Se eu tivesse a solução mágica para isso, certamente estaria rica nesse exato momento.
É nessa hora que aparecerão conselhos e mais conselhos de todos os tipos, alguns bons, outros nem tantos. Todo mundo sabe que o melhor mesmo é deixar o tempo passar. Ok, o tempo cura tudo, e cura mesmo, mas e enquanto ele não passa, o que fazer?

1) Sofra

Por incrível que pareça esse é sempre o primeiro conselho. Pular o luto, é adiar o sofrimento. Então deixe as musiquinhas felizes e baladas super animadas para o momento certo. Sofra o que tiver que sofrer, seja um dia ou uma semana, mas sofra o suficiente para não precisar sofrer parceladamente depois.

2) Perdoe

O principal motivo para se empacar em alguma relação que já passou mas o sentimento ainda não, é não conseguir perdoar. Somos acostumados a achar que teremos em dobro tudo o que fizermos. Mas a vida não é tão justa assim. Na maioria das vezes você vai fazer, fazer e fazer, e nunca terá nada em troca. Você pode até achar que perdoando está livrando a pessoa de toda a culpa que ela tem, mas na verdade o perdão só irá fazer bem a você, te livrando de toda a raiva que carrega. Você não precisa dizer o quão merda uma pessoa é. Ela sabe e terá que conviver a vida toda com as merdas que fez. Os erros foram dela, e ela que conviva com isso. Você não precisa dividir mais esse fardo.

3) Não virem amigos

Virar amigo de ex logo após o término é como querer virar vegetariano no meio de um churrasco. Não funciona e você sofre mais ainda. Isso limpa a consciência pesada que o outro lado está sentindo, mas fode mais ainda a sua cabeça. Não dá para tirar alguém de dentro de você, se essa pessoa ainda permanece constantemente no seu dia a dia. Se essa pessoa te tirou da vida dela, faça o mesmo.

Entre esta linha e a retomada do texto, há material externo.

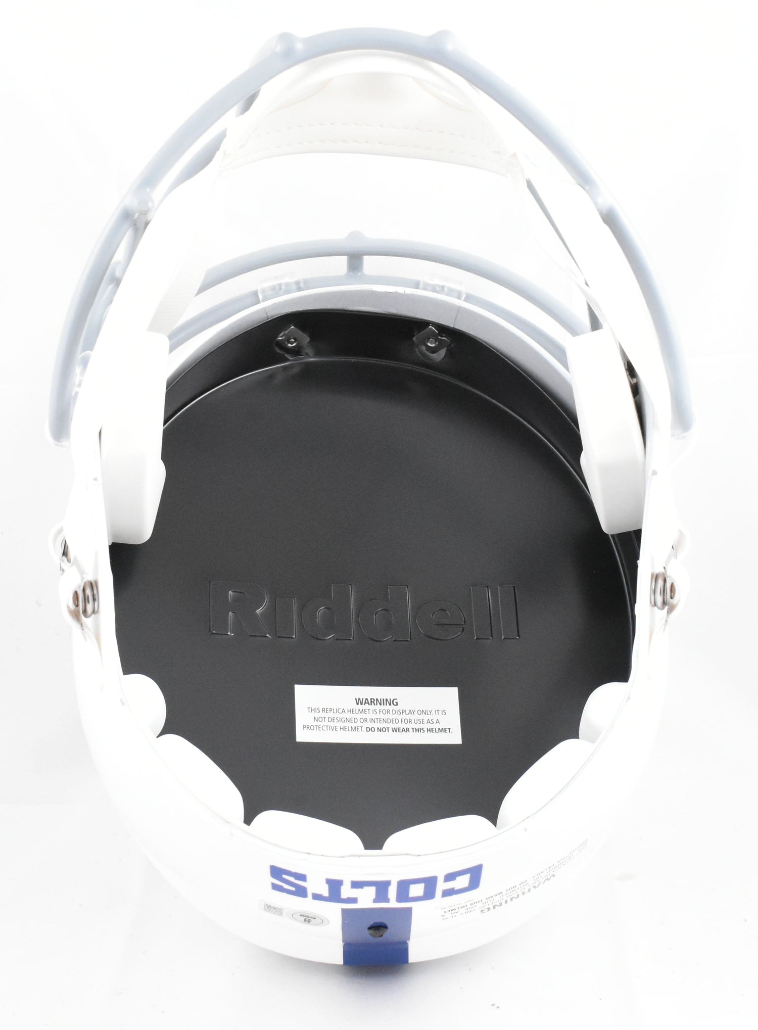Own a piece of football history with this DJ Giddens autographed Indianapolis Colts full-size Riddell Speed Replica helmet. Perfect for any Colts fan or serious memorabilia collector, this signed helmet blends authenticity, collectibility, and fan pride into one incredible display piece. DJ Giddens, the dynamic running back for the Indianapolis Colts, added his signature to this replica helmet during a verified signing event, making it a valuable addition to any NFL memorabilia collection.
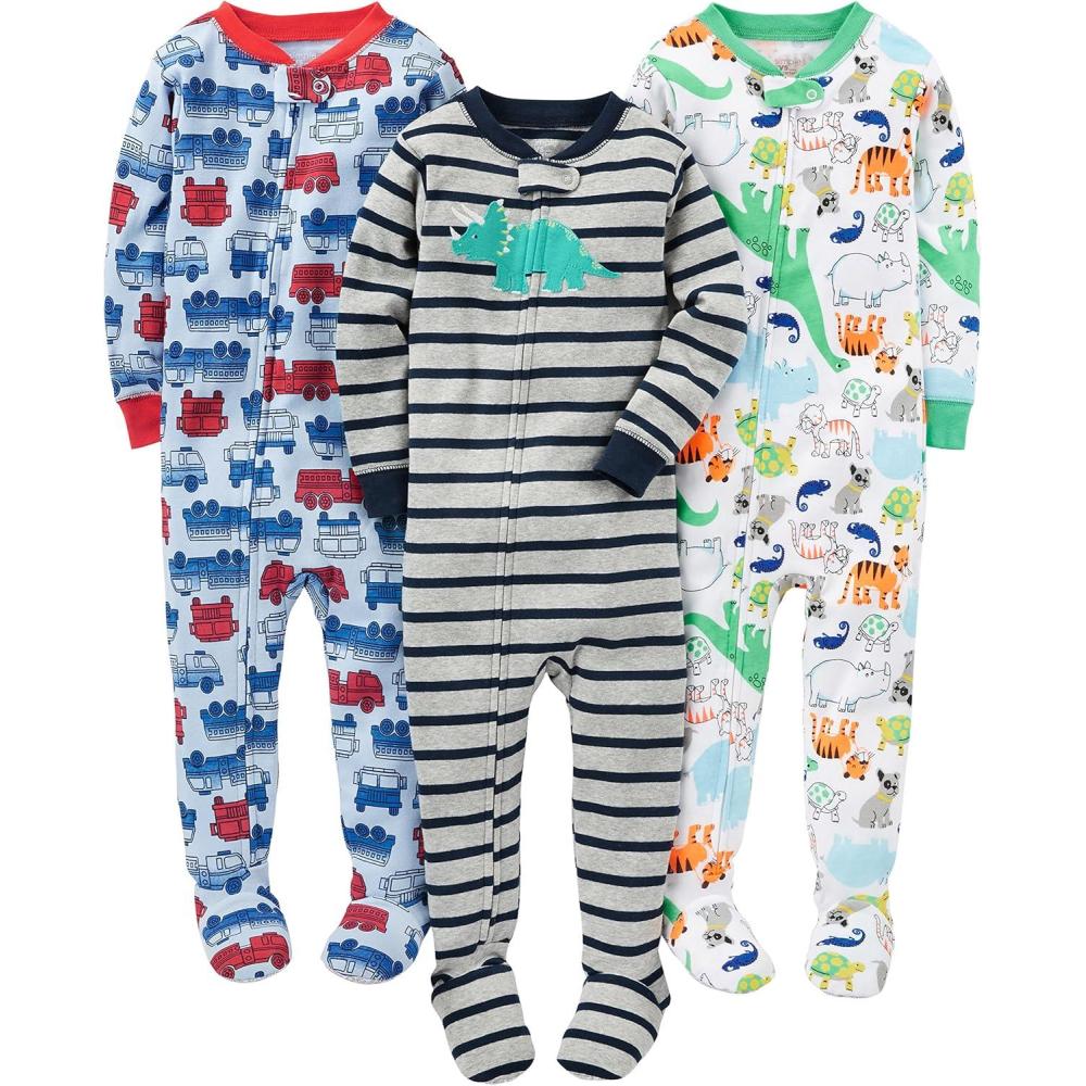 Simple Joys by Carter’s baby-boys 3-pack Snug Fit Footed Cotton Pajamas(Blue Firetruck/Grey Stripe/White Dinosaur)
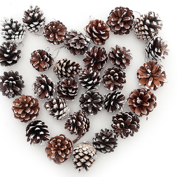 - Includes 30 real pine cones dyed in brown and white for decorative use.
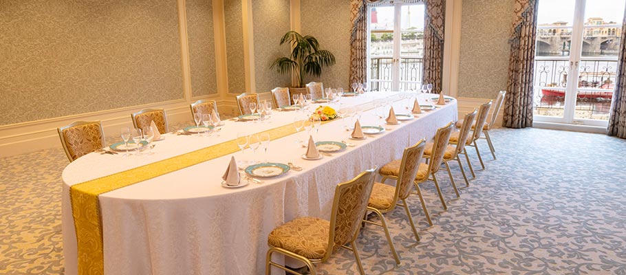 東京ディズニーシーのメディテレーニアンハーバーをのぞむ小宴会場をご利用いただくプランです。美しい景色とともに、優雅なひとときをご堪能ください。
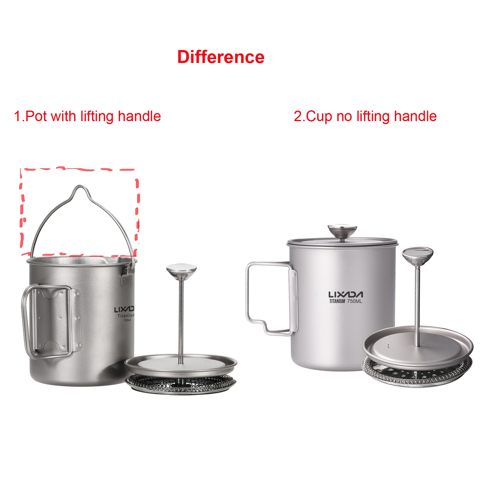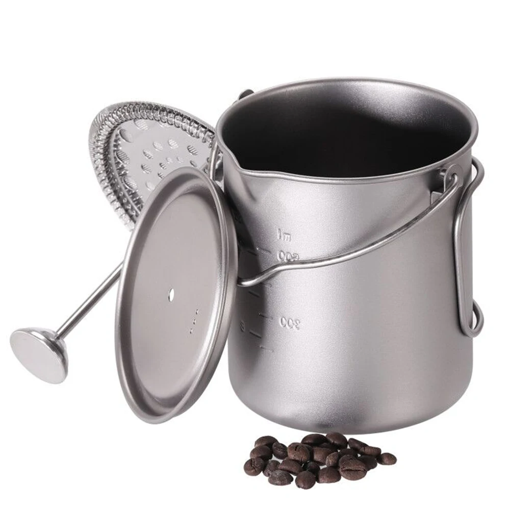 Титановая кофейная кружка Lixada 750 мл, пресс для французского кофе с крышкой, Кружка для походный котелок для варки пищи и кемпинга на открытом воздухе
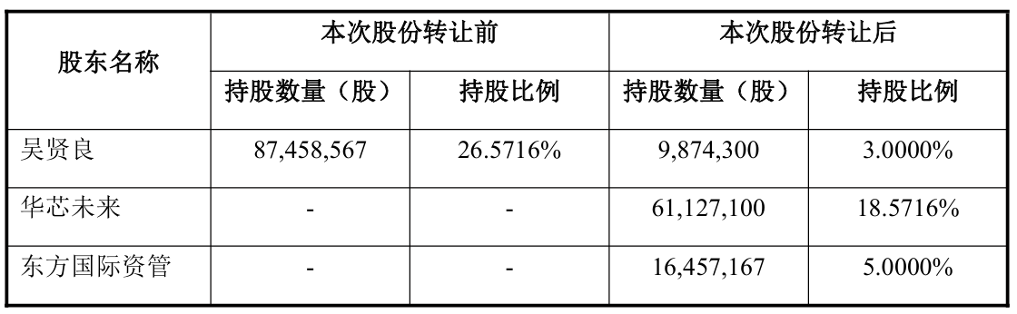 具体协议显示,吴贤良拟将其持有的公司7758万股无限售条件流通股转让给华芯未来和东方国际资管,转让对价合计13.35亿元。其中,华芯未来协议受让公司6113万股股份,占公司股份总数的18.57%,东方国际资管协议受让公司1646万股股份,占公司股份总数的5%。
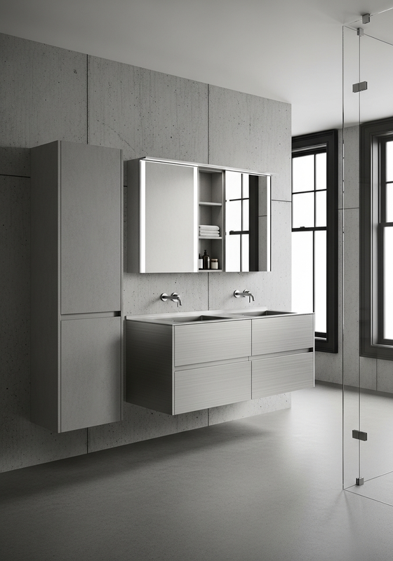 Fadior positions this bathroom vanity cabinet as a project-grade solution built around 304 food-grade stainless steel structural body; matte grey porcelain stoneware cladding on tall unit; integrated stainless steel countertop with folded edge construction, fine linear grain running horizontal, controlled matte sheen, industrial-precise, and a honed marble or sintered stone top for master bathroom vanity system for high-end residential, boutique hospitality, architect-designed interiors; suitable for humid environments, requires no sealing or re-finishing. This specification focuses on Brushed 304 stainless steel horizontal grain cabinet body with seamless welded corners, Matte grey porcelain stoneware tall storage unit with 3mm micro-texture concrete aesthetic so designers, dealers, and project buyers can evaluate fit, finish, and delivery logic with less guesswork.
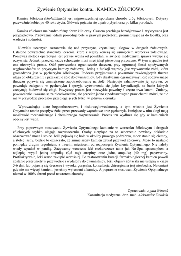 Żywienie Optymalne kontra... KAMICA ŻÓŁCIOWA Kamica żółciowa (cholelithiasis) jest najpowszechniej spotykaną chorobą dróg żółciowych. Dotyczy przeważnie kobiet po 40 roku życia. Głównie pojawia się u pań otyłych oraz po kilku porodach. Kamica żółciowa ma bardzo różny obraz kliniczny. Czasem przebiega bezobjawowo i wykrywana jest przypadkowo. Przeważnie jednak powoduje bóle w prawym podżebrzu, promieniujące aż do łopatki, oraz wzdęcia i nudności. Niewielu uczonych zastanawia się nad przyczyną krystalizacji złogów w drogach żółciowych. Ustalono powszechne standardy leczenia, które z reguły kończą się usunięciem woreczka żółciowego. Ponieważ metoda operacyjna jest prawie wolna od powikłań, w świecie medycznym sprawa wydaje się oczywista. Jednak, przecież każde schorzenie musi mieć jakąś pierwotną przyczynę. W tym wypadku jest ona niezwykle prosta. Otóż powszechne ograniczenie tłuszczu, przy ogromnej ilości spożywanych węglowodanów to przyczyna kamicy żółciowej. Jedną z funkcji wątroby jest wytwarzanie żółci, która gromadzona jest w pęcherzyku żółciowym. Podczas przyjmowania pokarmów zawierających tłuszcz ulega on obkurczeniu i przekazuje żółć do dwunastnicy. Gdy drastycznie ograniczymy ilość spożywanego tłuszczu pojawia się zmniejszone zapotrzebowanie na żółć. Następuje zahamowanie jej spływu, co powoduje zaleganiu w pęcherzyku i sprzyja wytworzeniu się jąder krystalizacji, na bazie których zaczynają budować się złogi. Powyższy proces jest niezwykle powolny i często trwa latami. Zmiany, powszechnie uważane są za nieodwracalne, ale przecież jedno z podstawowych praw chemii mówi, że nie ma w przyrodzie procesów przebiegających tylko w jednym kierunku. Wprowadzając dietę bogatotłuszczową i niskowęglowodanową, a tym właśnie jest Żywienie Optymalne rośnie przepływ żółci przez przewody wątrobowe oraz pęcherzyk. Istniejące w nim złogi mają możliwość mechanicznego i chemicznego rozpuszczania. Proces ten wydłuża się gdy w kamieniach obecny jest wapń. Przy poprawnym stosowaniu Żywienia Optymalnego kamienie w woreczku żółciowym i drogach żółciowych szybko ulegają rozpuszczeniu. Osoby cierpiące na to schorzenie powinny dokładnie obserwować mocz i stolec. Jeśli pojawią się bóle w okolicy prawego podżebrza, mocz stanie się ciemny, a stolec jasny, będzie to oznaczało, że zmniejszony kamień zatkał przewód żółciowy. Może to nastąpić pomiędzy drugim tygodniem, a trzecim miesiącem od rozpoczęcia Żywienia Optymalnego. Nie należy wtedy wpadać w panikę. Zażywamy wówczas leki rozkurczowe takie jak No-Spa, spasmophen, a najlepiej wypić jedną ampułkę (0,5 mg) atropiny oraz jedną ampułkę (40 mg) papaweriny. Profilaktycznie, leki warto zakupić wcześniej. Po zastosowaniu kuracji farmakologicznej kamień powoli zostanie przesunięty w przewodzie i wydalony do dwunastnicy. Jeśli objawy żółtaczki nie ustąpią w ciągu 5-6 dni, lub pojawią się dreszcze i wysoka gorączka, konsultacja chirurgiczna jest niezbędna. Natomiast gdy nie ma więcej kamieni, jesteśmy wyleczeni z kamicy. A poprawne stosowani Żywienia Optymalnego niemal w 100% chroni przed nawrotem choroby. Opracowała: Agata Waszak Konsultacja medyczna: dr n. med. Aleksander Zieliński
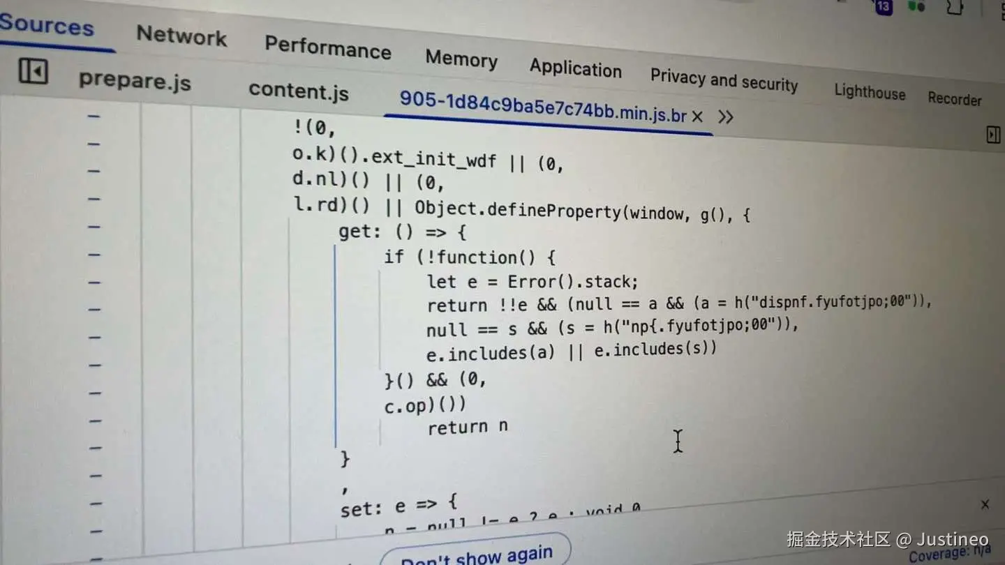 找能够复现的朋友帮忙查看,果然发现一段类似的代码,只不过用了 Error().stack 来检查脚本来源:

4) Não se importe com o que a pessoa vai pensar

Muitas pessoas te dirão “Não dê o gostinho ao outro lado de saber que você está sofrendo”, mas quer saber? Foda-se. Sim, foda-se o que a pessoa irá achar do que você teve que fazer para esquecê-la. Não importa mais.
Você não pode se sentir culpado por simplemente estar sentindo a ausência de alguém. Porque você deveria se importar com o que pensa ou deixa de pensar alguém que você quer esquecer? Se é para esquecer, então esqueça direito!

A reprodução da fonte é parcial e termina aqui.